:: Entries shown ::

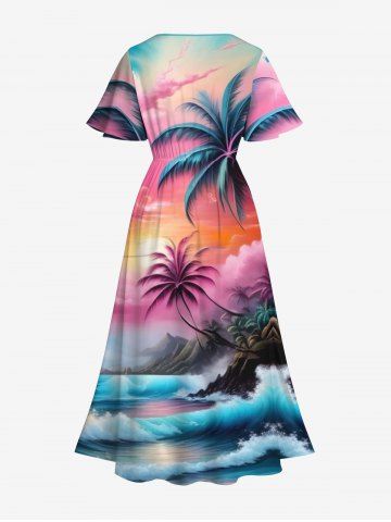 Robes Graphiques > Robe Mi-Longue Hawaïen Fendue Arbre Noix de Coco et Océan Imprimés de Grande Taille
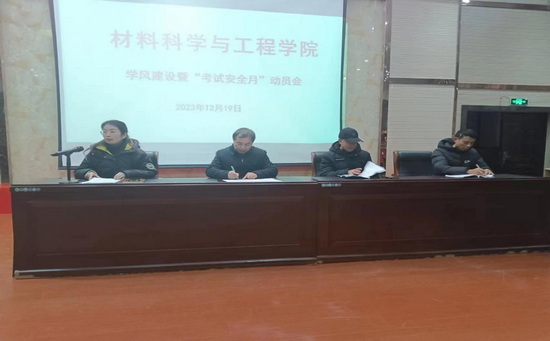为全面贯彻落实党的教育方针,围绕立德树人根本任务,促进学院学风建设,营造良好育人氛围,严肃考风考纪,增强学生诚信考试意识,材料科学与工程学院于12月19日在香远楼报告厅召开学风建设暨“考试安全月”动员会。学院院长张德勤、副院长李养良、党委副书记陈娜、学生科科长梅红平出席,学院辅导员、2023级全体班主任、学生,其他年级班长、团支书和学委参加会议,会议由陈娜主持。
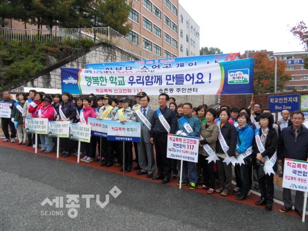 대전대덕구(구청장 정용기)는 매월 17일을 대덕구 학교폭력 근절의 날로 지정하고, 지난 10월 17일 학부모, 학생, 교사, 경찰, 공무원, 자생단체회원 등 300여명이 참석한 가운데 대전매봉중학교외 5개교에서 대대적으로 학교폭력 근절을 위한 합동 캠페인을 전개했다. 저작권자 © SJB세종TV 무단전재 및 재배포 금지 이연순 기자 다른기사 보기 페이스북 트위터 카카오톡 네이버블로그 구글+ URL복사 기사공유하기
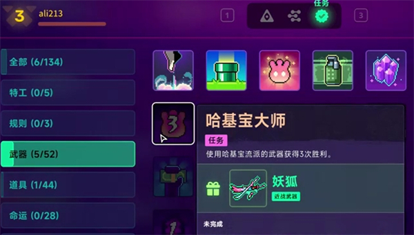 使用哈基寶流派的武器獲得3次勝利,完成后獲得近戰(zhàn)武器妖狐。
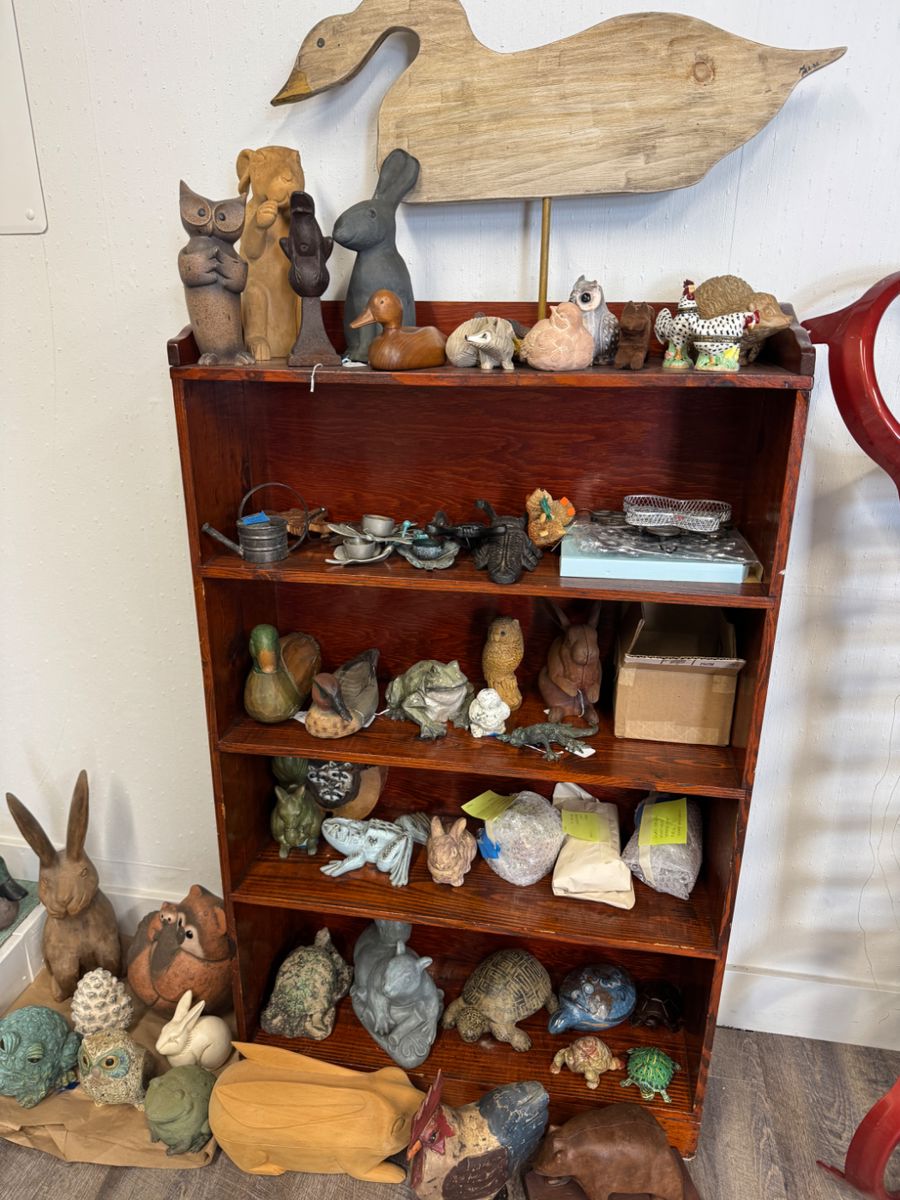 Lots of collectibles, including animal figurines, pitchers, vases, blue & white pottery, crocks, wooden figures, glass figures, ceramics, vintage floral teacups and plate sets, mushrooms, birds, ducks and many other items. Floral and garden supplies including vintage pottery, gorgeous assortment of pots, Asian pots, blue and white Asian porcelain, floral supplies and floral containers, assorted silk flowers for all seasons, garden supplies, floral vases and baskets, pumpkin pots for floral arrangements and tie-dye pots for floral designs. Some furniture including a large kitchen table, set of 4 wicker chairs, desk and desk chair, assorted chairs, corner shelf Assorted artwork including...

:::

_Task details_
An exact transcription is needed of the lines from the one with "대전대덕구(구청장 정용기)는 매월" to the one with "使用哈基寶流派的武器獲得3次勝利,完成后獲得近戰(zhàn)武器妖狐。" above, both ends included, with pictures left out.

_Solution to this exercise_
 대전대덕구(구청장 정용기)는 매월 17일을 대덕구 학교폭력 근절의 날로 지정하고, 지난 10월 17일 학부모, 학생, 교사, 경찰, 공무원, 자생단체회원 등 300여명이 참석한 가운데 대전매봉중학교외 5개교에서 대대적으로 학교폭력 근절을 위한 합동 캠페인을 전개했다. 저작권자 © SJB세종TV 무단전재 및 재배포 금지 이연순 기자 다른기사 보기 페이스북 트위터 카카오톡 네이버블로그 구글+ URL복사 기사공유하기
 使用哈基寶流派的武器獲得3次勝利,完成后獲得近戰(zhàn)武器妖狐。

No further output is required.